** About this task **
All of the data below should come back exactly as written, minus its images.

======== Recorded information

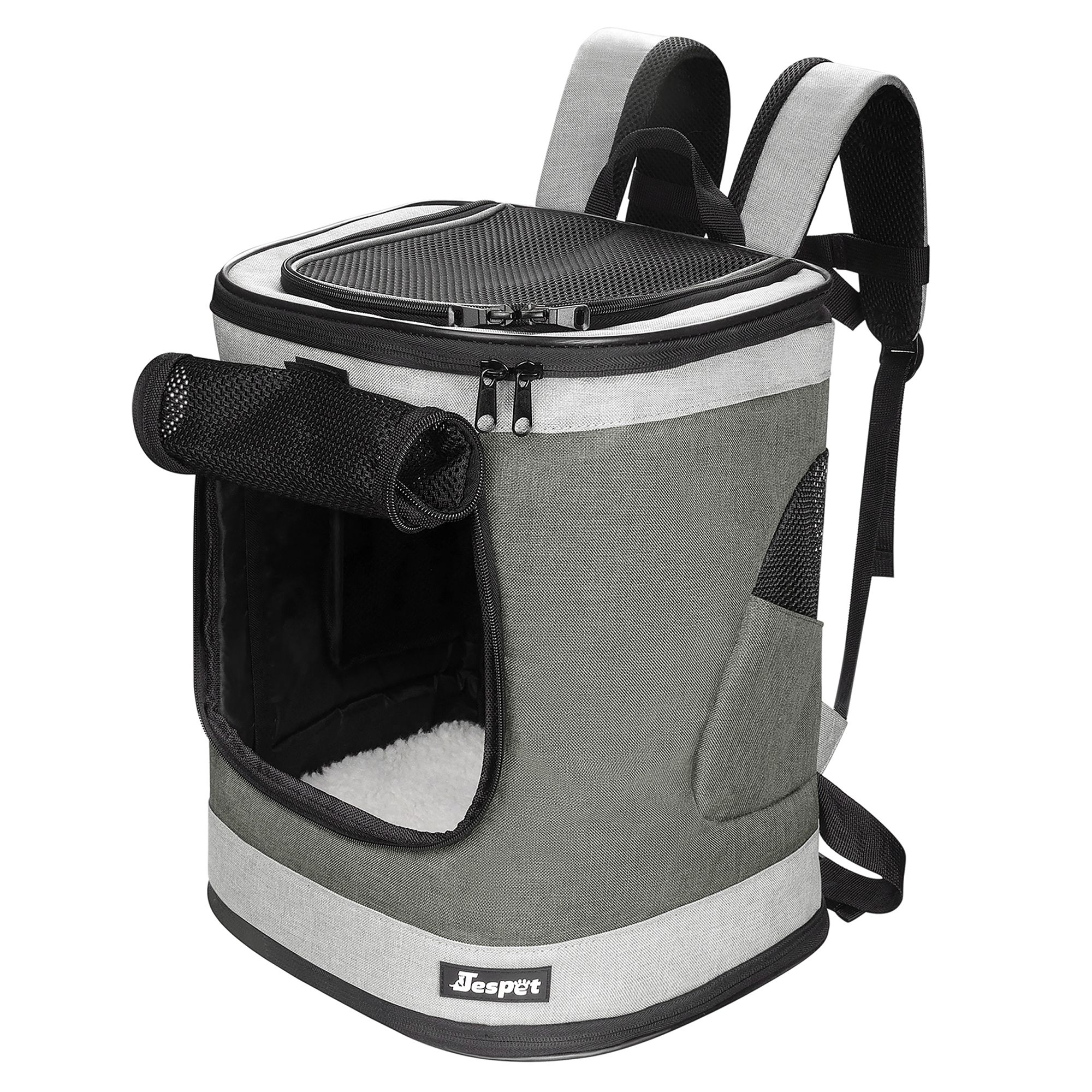 Description: Soft–sided carrier designed to make traveling with your furry friend easier. Made of durable material with a removable pad for your paw–tner to rest on. Holds up to 15 pounds of weight with an adjustable shoulder strap for comfort. Features a safety loop that allows it to be restrained with a vehicle seat belt for car travel. Includes pockets to store treats, collars, leashes or other travel gear.
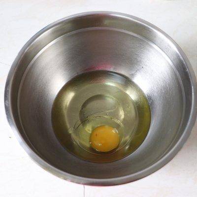 2.將玉米油倒入碗中,打入雞蛋,攪拌均勻
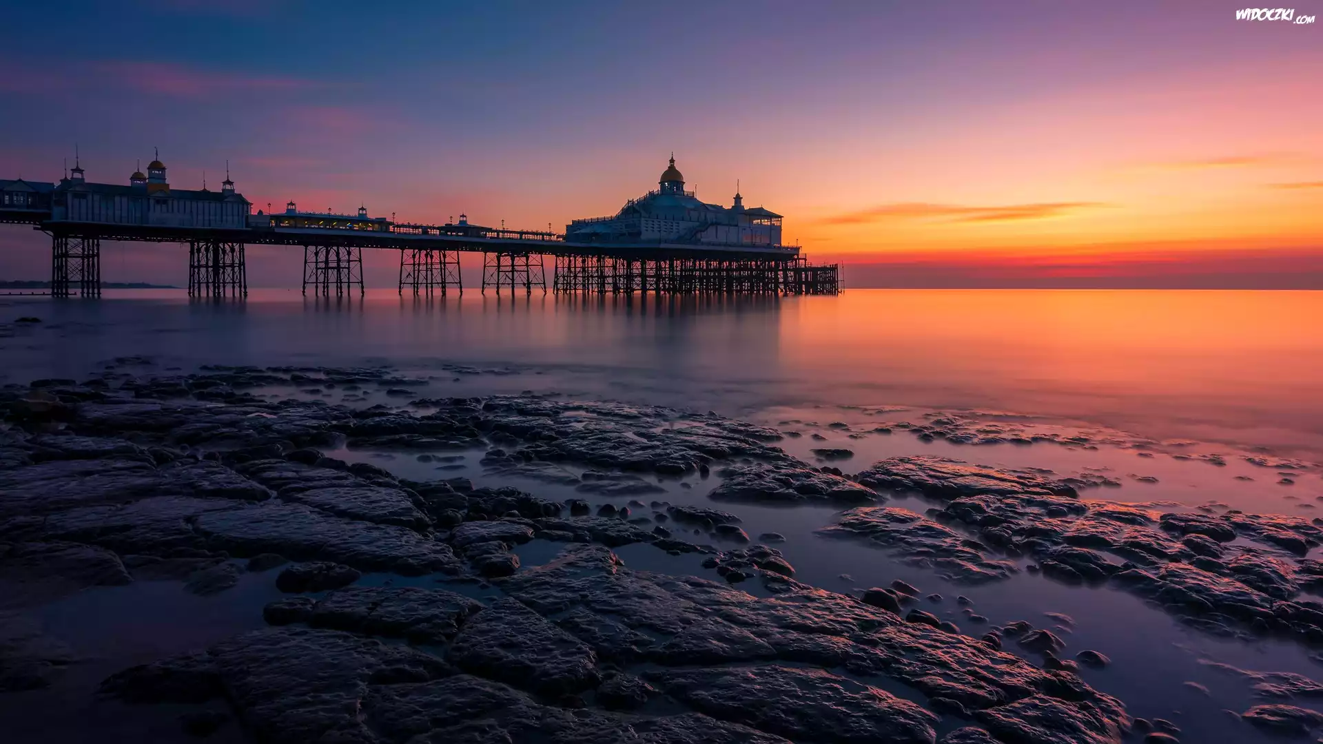 Zdjęcia, Molo, Eastbourne Pier, Morze, Zachód słońca, Eastbourne, Anglia
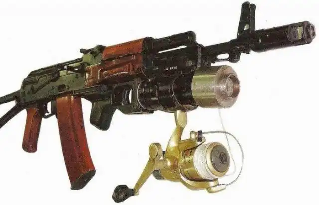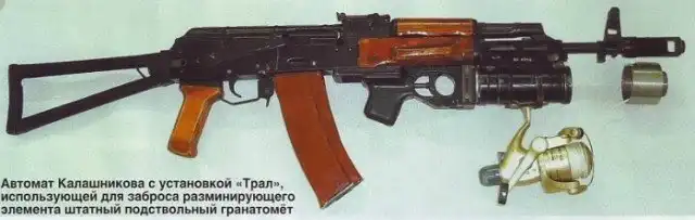 Может быть сложно поверить, однако катушка от спиннинга на подствольном гранатомете – это вовсе не полевое творчество каких-то «бомжеватых» партизан из страны третьего мира, принимающей участие в «холодной войне» между ведущими государствами планеты. Данная разработка была создана в студенческом КБ (по всей видимости в качестве учебной работы) при кафедре Стрелково-пушечного вооружения Тульского государственного университета. Называется данное «чудо» - система «Трал» и предназначено оно для снятия мин и растяжек.
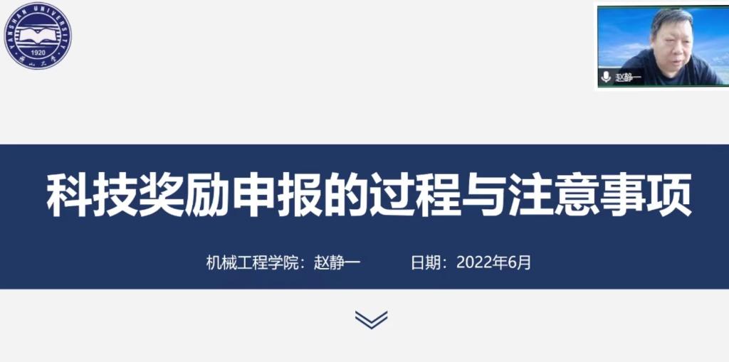 6月16日上午,机械工程学院特别邀请赵静一教授为学院教师进行科技奖励培训,培训会采用腾讯会议线上形式,各学科建设团队代表、2022年度河北省科学技术奖申请人及其他教师共计70余人参加培训,副院长姚静主持会议。
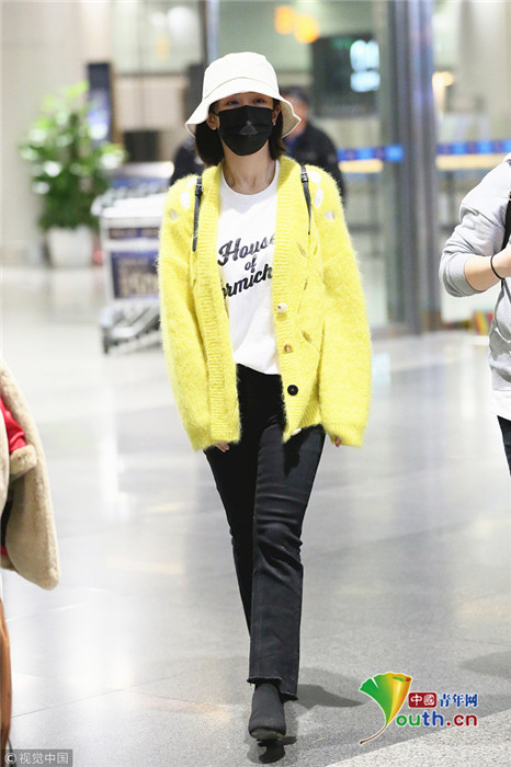 日前,楊紫現(xiàn)身長沙黃花機場,她頭戴漁夫帽的她口罩遮面,身著鮮黃針織衫相當(dāng)搶眼,一路獲粉絲跟拍。
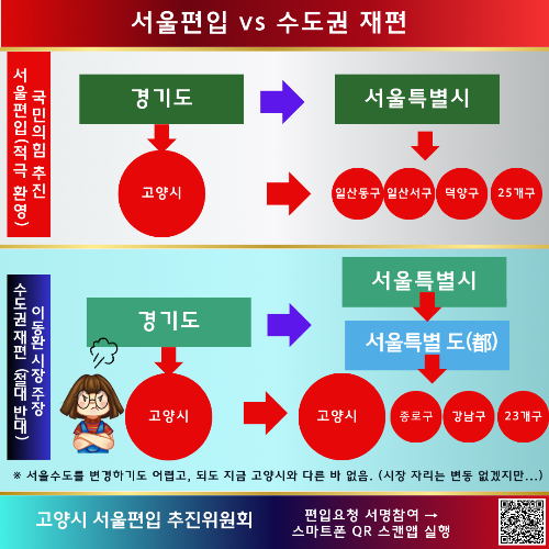 국민의힘은 당론으로 추진 중이고 고양시는 지역 국회의원 3~4명 당선되면 추진 확실, 이미 1월 23일 국민의힘 예비후보 전원은 합동기자회견을 통하여 서울편입 추진 공개적 약속함. 또 한동훈 국민의힘 비대위원장은 제22대 국회 개원하면 시민 뜻에 따라 서울편입 등 원샷법 발의 공개 약속 함.
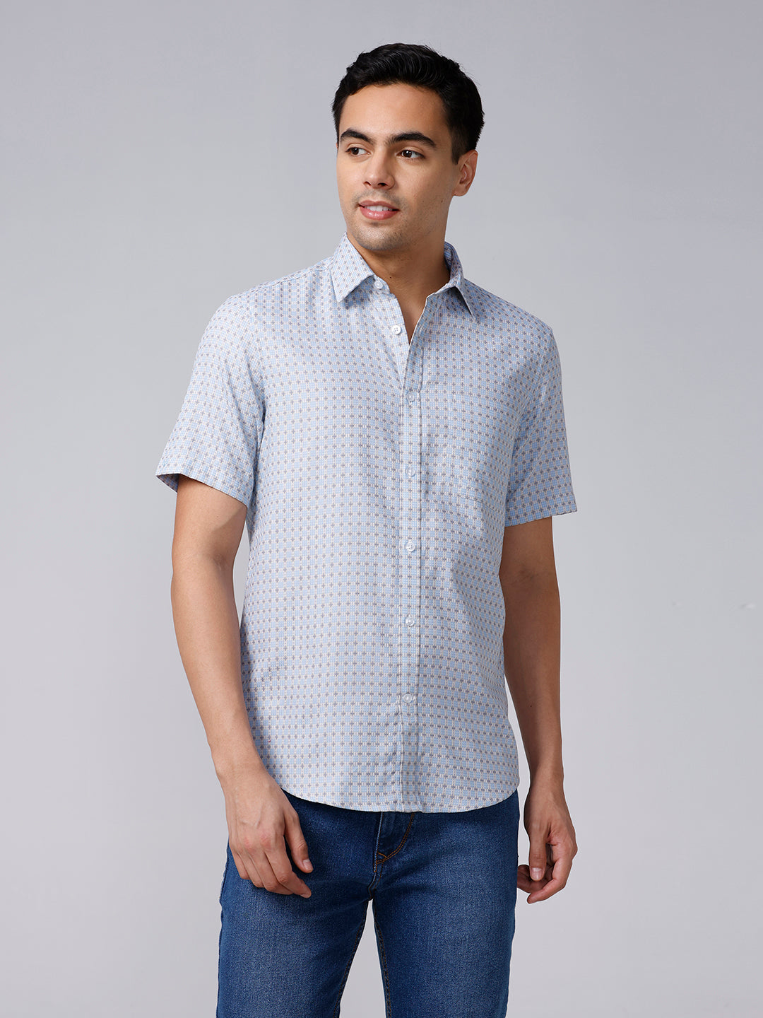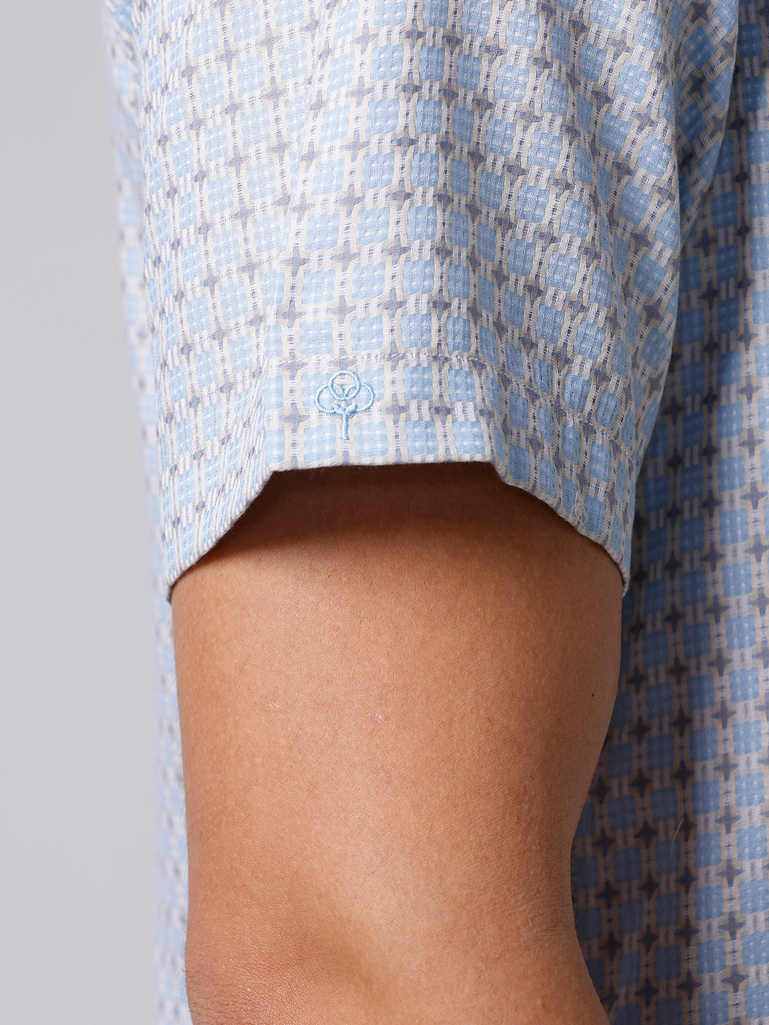 Patterned dobby shirt featuring blue and grey shades, perfect for casual outings.

================

** Exercise answer **
 Description: Soft–sided carrier designed to make traveling with your furry friend easier. Made of durable material with a removable pad for your paw–tner to rest on. Holds up to 15 pounds of weight with an adjustable shoulder strap for comfort. Features a safety loop that allows it to be restrained with a vehicle seat belt for car travel. Includes pockets to store treats, collars, leashes or other travel gear.
 2.將玉米油倒入碗中,打入雞蛋,攪拌均勻
 Zdjęcia, Molo, Eastbourne Pier, Morze, Zachód słońca, Eastbourne, Anglia
 Может быть сложно поверить, однако катушка от спиннинга на подствольном гранатомете – это вовсе не полевое творчество каких-то «бомжеватых» партизан из страны третьего мира, принимающей участие в «холодной войне» между ведущими государствами планеты. Данная разработка была создана в студенческом КБ (по всей видимости в качестве учебной работы) при кафедре Стрелково-пушечного вооружения Тульского государственного университета. Называется данное «чудо» - система «Трал» и предназначено оно для снятия мин и растяжек.
 6月16日上午,机械工程学院特别邀请赵静一教授为学院教师进行科技奖励培训,培训会采用腾讯会议线上形式,各学科建设团队代表、2022年度河北省科学技术奖申请人及其他教师共计70余人参加培训,副院长姚静主持会议。
 日前,楊紫現(xiàn)身長沙黃花機場,她頭戴漁夫帽的她口罩遮面,身著鮮黃針織衫相當(dāng)搶眼,一路獲粉絲跟拍。
 국민의힘은 당론으로 추진 중이고 고양시는 지역 국회의원 3~4명 당선되면 추진 확실, 이미 1월 23일 국민의힘 예비후보 전원은 합동기자회견을 통하여 서울편입 추진 공개적 약속함. 또 한동훈 국민의힘 비대위원장은 제22대 국회 개원하면 시민 뜻에 따라 서울편입 등 원샷법 발의 공개 약속 함.
 Patterned dobby shirt featuring blue and grey shades, perfect for casual outings.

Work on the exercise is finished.